On an inhalation, begin to straighten the arms to lift the chest off the floor, going only to the height at which you can maintain a connection through your pubis to your legs. Press the tailbone toward the pubis and lift the pubis toward the navel. Narrow the hip points. Firm but don't harden the buttocks.

Firm the shoulder blades against the back, puffing the side ribs forward. Lift through the top of the sternum but avoid pushing the front ribs forward, which only hardens the lower back. Distribute the backbend evenly throughout the entire spine.

Hold the pose anywhere from 15 to 30 seconds, breathing easily. Release back to the floor with an exhalation.

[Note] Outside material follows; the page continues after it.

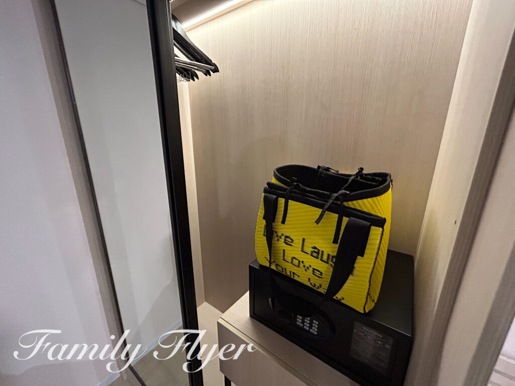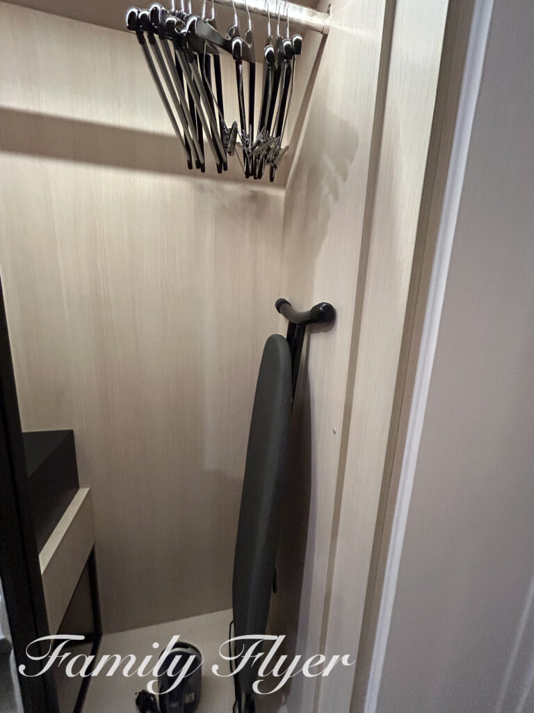扉が全身鏡のクローゼットやバゲージラック。スペースはコンパクトですが無駄なくすっきりしているので狭さは感じません。

12 Days of Christmas - Day 10

Day 10
Ardha Matsyendrasana: ( Half Lord of the Fishes Pose )


Anatomical Focus
•    Upper back

Therapeutic Applications
•    Sciatica

Benefits
•    Stimulates the liver and kidneys
•    Stretches the shoulders, hips, and neck
•    Energizes the spine
•    Stimulates the digestive fire in the belly
•    Relieves menstrual discomfort, fatigue, sciatica, and backache
•    Therapeutic for asthma and infertility
•    Traditional texts say that Ardha Matsyendrasana increases appetite, destroys most deadly diseases, and awakens kundalini.

Contraindications and Cautions
•    Back or spine injury: Perform this pose only with the supervision of an experienced teacher.

Beginner's Tip
In this version of the pose, the opposite-side arm is wrapped around the outside of the raised-leg upper thigh. This may be impractical, and potentially harmful, for beginning students. Be sure to sit up well on a blanket support and for the time being just wrap your arm around the raised leg and hug the thigh to your torso.

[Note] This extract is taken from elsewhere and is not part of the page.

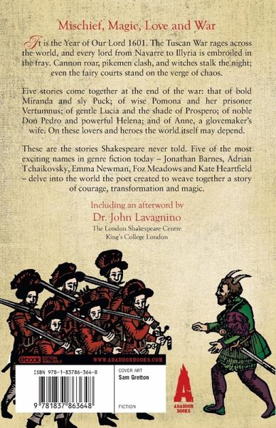 Mischief, Magic, Love and War. It is the Year of Our Lord 1601. The Tuscan War rages across the world, and every lord from Navarre to Illyria is embroiled in the fray. Cannon roar, pikemen clash, and witches stalk the night; even the fairy courts stand on the verge of chaos. Five stories come together at the end of the war: that of bold Miranda and sly Puck; of wise Pomona and her prisoner Vertumnus; of gentle Lucia and the shade of Prospero; of noble Don Pedro and powerful Helena; and of Anne, a glovemaker's wife. On these lovers and heroes the world itself may depend. These are the stories Shakespeare never told. Five of the most exciting names in genre fiction today - Jonathan Barnes, Adrian Tchaikovsky, Emma Newman, Foz Meadows and Kate Heartfield - delve into the world the poet created to weave together a story of courage, transformation and magic. Including an afterword by Dr. John Lavagnino, The London Shakespeare Centre, King's College London.

Sit on the floor with your legs straight out in front of you, buttocks supported on a folded blanket. Bend your knees, put your feet on the floor, then slide your left foot under your right leg to the outside of your right hip. Lay the outside of the left leg on the floor. Step the right foot over the left leg and stand it on the floor outside your left hip. The right knee will point directly up at the ceiling.
Exhale and twist toward the inside of the right thigh. Press the right hand against the floor just behind your right buttock, and set your left upper arm on the outside of your right thigh near the knee. Pull your front torso and inner right thigh snugly together.
Press the inner right foot very actively into the floor, release the right groin, and lengthen the front torso. Lean the upper torso back slightly, against the shoulder blades, and continue to lengthen the tailbone into the floor.
You can turn your head in one of two directions: Continue the twist of the torso by turning it to the right; or counter the twist of the torso by turning it left and looking over the left shoulder at the right foot.
With every inhalation lift a little more through the sternum, pushing the fingers against the floor to help. Twist a little more with every exhalation. Be sure to distribute the twist evenly throughout the entire length of the spine; don't concentrate it in the lower back. Stay for 30 seconds to 1 minute, then release with an exhalation, return to the starting position, and repeat to the left for the same length of time.